Грачов медленно открыл глаза, приподнялся и спросил зевая:
— Что ты говоришь?
— Обедать подано.
— Как! Неужели уж так поздно?
— Полно хитрить, приятель! Признайся лучше: перетонил немножко?
— Что такое? Ничего не понимаю.
Грачов причесывался перед зеркалом.
— Ну, всё равно. Спал ли ты или не спал, я торжественно объявляю, что сроду не имел такого слушателя, как сегодня…
— А разве ты говорил что-нибудь? — спросил Грачов зевая.
— Всё время.
— Ну так я скажу, что ты ошибаешься: ты мог иметь еще лучшего слушателя.
— Кого же, например?
— Я думаю, человека, который умел бы спать с открытыми глазами, — кротко сказал Грачов.
— О, тонкий человек! Правда, правда!
Глава III
Оба друга бодрствуют
Приятели перешли в столовую и сели обедать. Но хотя Грачов заявил, что будет иметь аппетит волчий, однако ж кушал мало и был, вероятно, со сна не совсем в духе. Разговор не клеился. Время от времени Тростников повторял одни и те же вопросы: «Так ты спал, Грачов? Так ты не слыхал, что я говорил?», на что Грачов каждый раз пожимал плечами и отвечал сухо: «Разумеется, что ж тут удивительного?» И разговор умолкал. Наконец Тростников прекратил свои вопросы (ему показалось, что они как будто сердят приятеля) и заговорил о поездке в деревню.
— Да! — заметил он между прочим. — Твоя мысль ехать теперь же удивительно счастлива; и, если бы ты сказал мне ее без длинных и мрачных предисловий, я бы расцеловал тебя! Я сам думал ехать, но не ранее как в конце мая. Почему не теперь же? А вот спроси! Невероятно, как глубоко и незаметно рутина въедается во все наши действия. Все едут в конце мая, и я ждал конца мая! Как будто что-нибудь удерживает меня здесь! Но не истинное ни удовольствие уехать в деревню теперь же? Это будет то же, что с одного выстрела убить пару вальдшнепов: мы избежим самого дурного времени в Петербурге и захватим самое лучшее в деревне! Не дышать зловонием, когда начнут колоть грязный лед, не видать чудовищной мостовой, по которой ныряют эти бедные Ваньки, и вместо того присутствовать при самом зарождении весны, приветствовать обновление природы, подстеречь первый побег молодой травки, вдохнуть полной грудью первое весеннее дуновение, — признаюсь, роскошнее ничего давно не представлялось моему воображению… да, едем теперь же! Я благословляю голову, в которую пришла эта счастливая мысль. Гордись, Грачов! Я решительно утверждаю, что это лучшая твоя тонкость с той поры, как ты пустился в тонкости!

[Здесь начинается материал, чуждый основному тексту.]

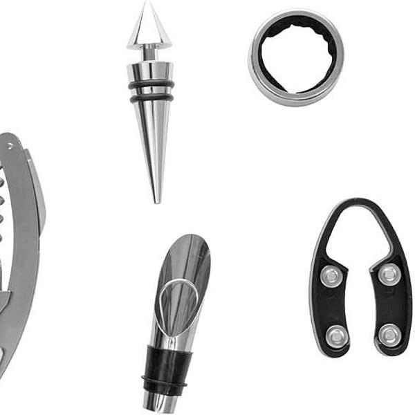 Kit Acessórios P/ Vinho em Garrafa 5 Peças Saca Rolhas Abridores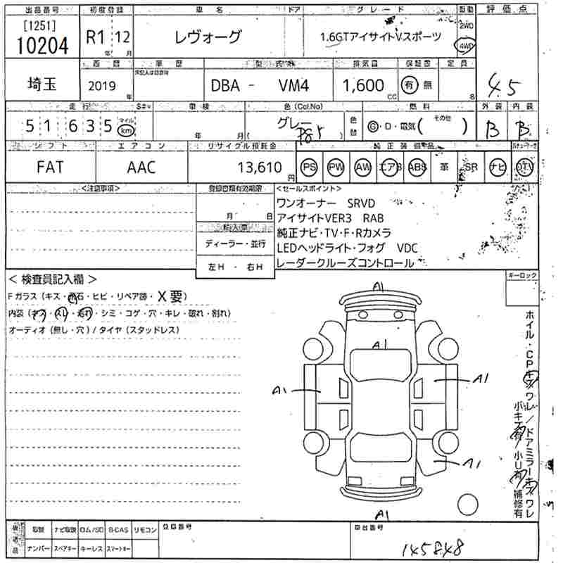 SUBARU LEVORG - лот 10204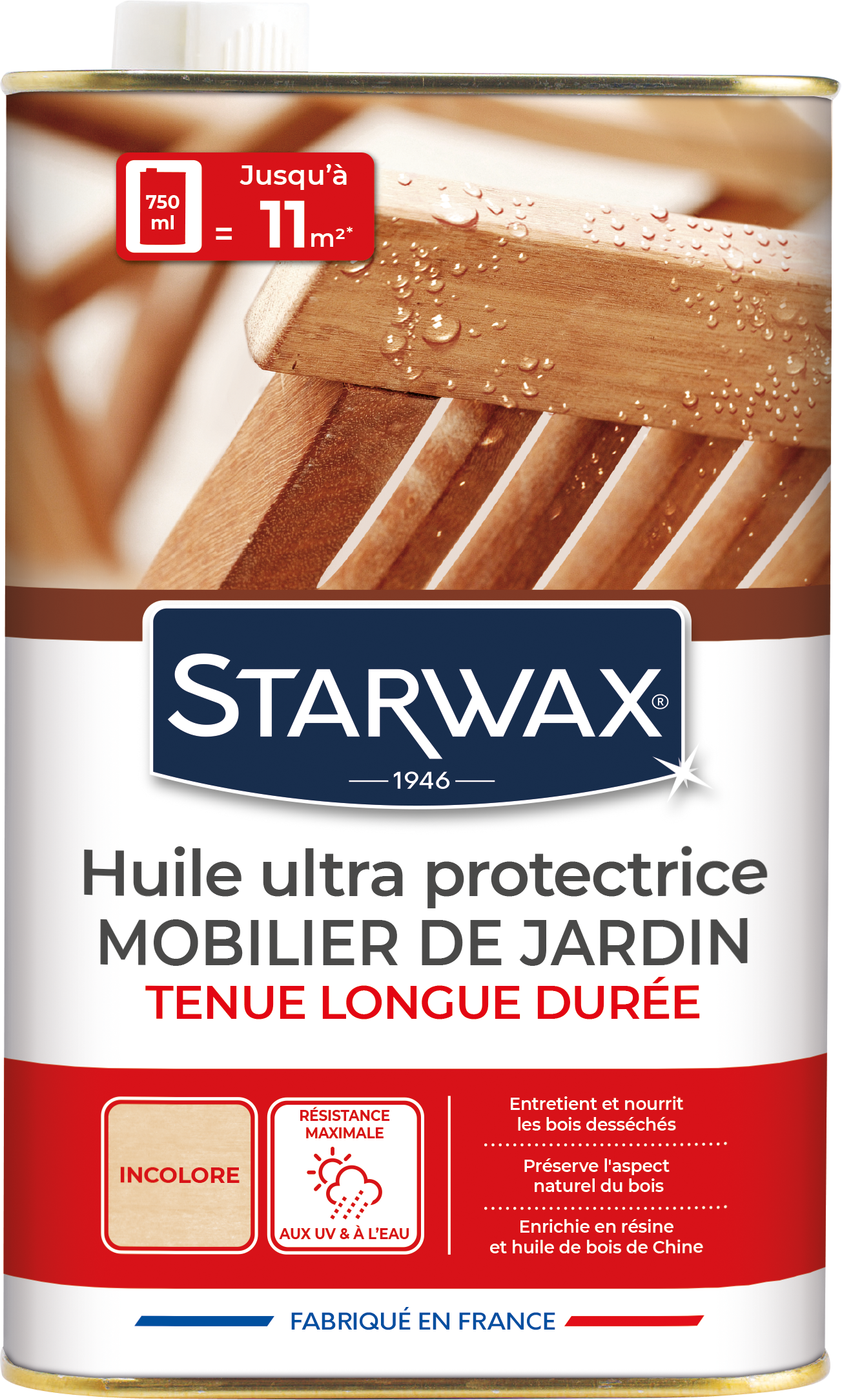 L’ Huile très longue protection pour mobilier de jardin en teck et bois exotique nourrit et embellit le mobilier de jardin en bois exotiques (teck, ipé, eucalyptus, bambou…) ou bois européens (acacia, robinier…). Elle protège sur le très long terme contre l’eau, les taches et les graisses. Barrière anti-UV, il bloque le grisaillement dû au soleil. Enrichie en huile de bois de Chine, elle renforce l’imperméabilité du bois. Elle préserve l’aspect mat et authentique de votre mobilier en bois.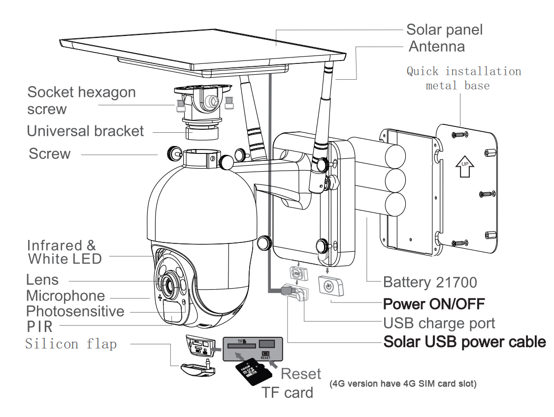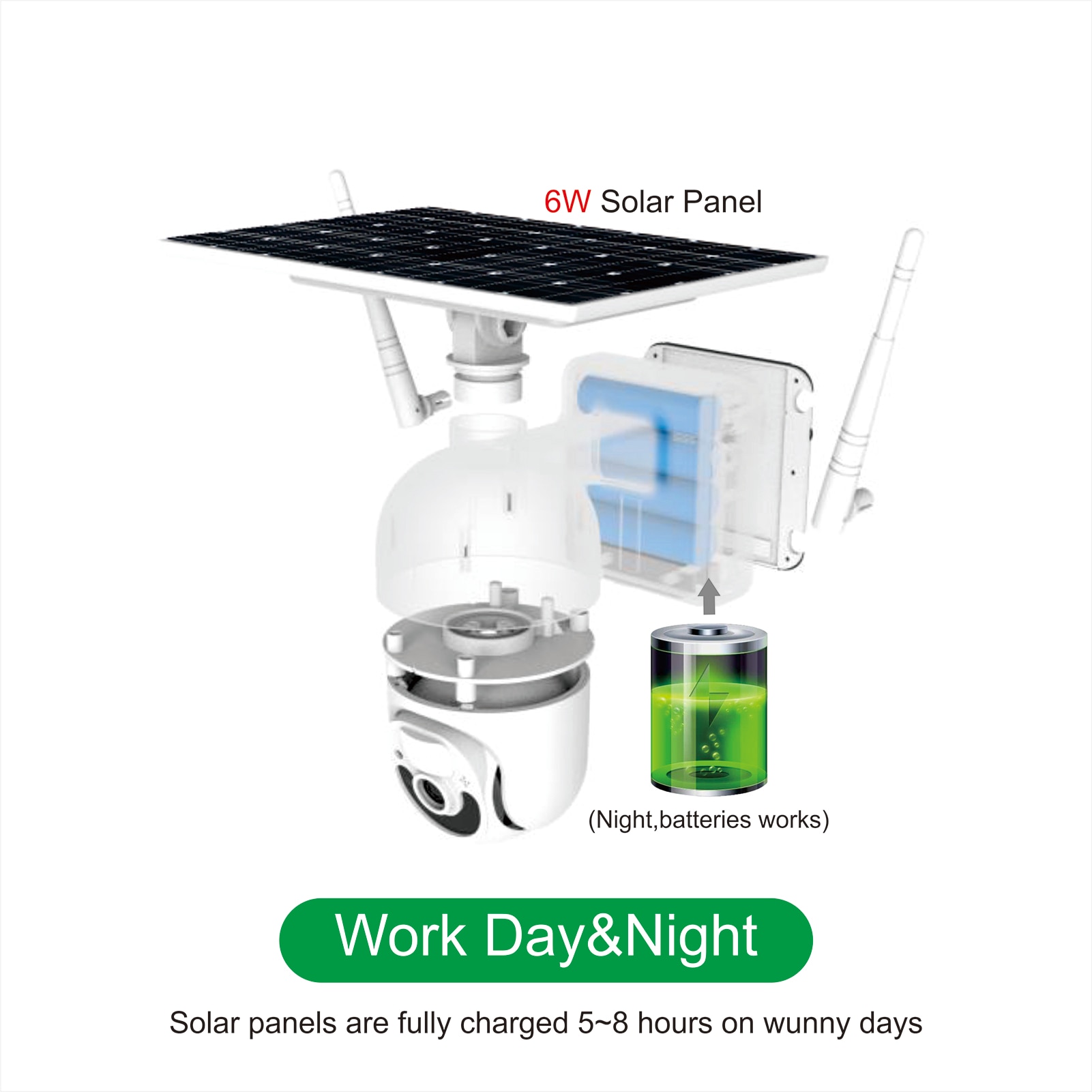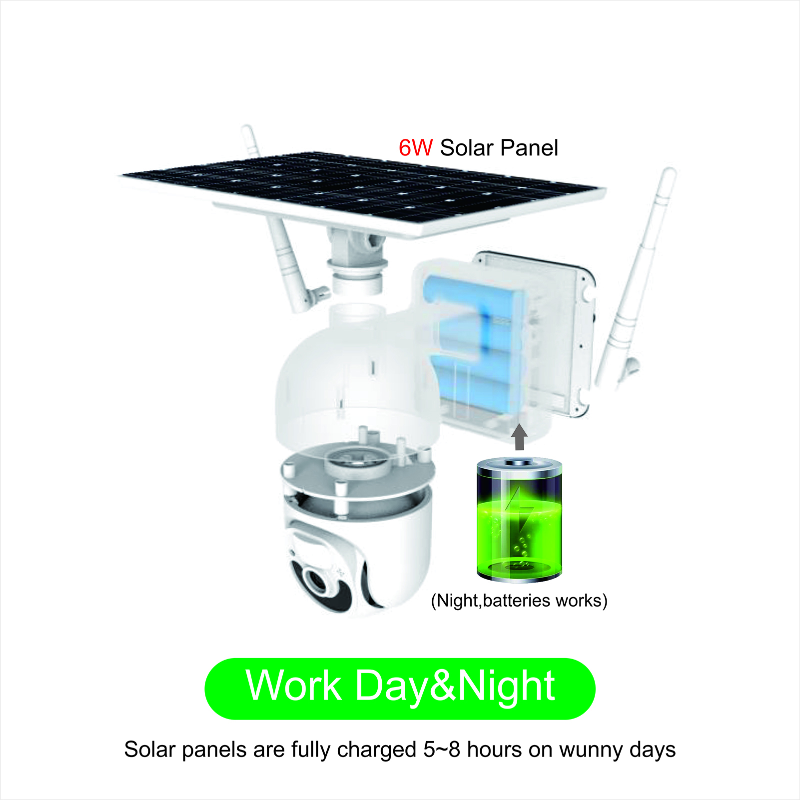 Независимо от солнечной панели 6 Вт, в солнечный день Солнечный свет даст питание камере и поможет зарядить аккумулятор, в несолнечный день, встроенный 3 шт 21700 батареи, 14400ма может работать до 180 дней, это низкое потребление камеры.

И многое еще говорил Тростников в том нее роде. Постепенно и Грачов стал разговорчивее, — должно быть, бургонское развязало ему язык. Аппетит его также усилился; едва притронувшись к первым трем блюдам, он съел все блюдо жаркого, и к концу обеда приятели уже горячо и дружно толковали о предстоящем путешествии, выпив в ознаменование счастливой мысли Грачова бутылку шампанского.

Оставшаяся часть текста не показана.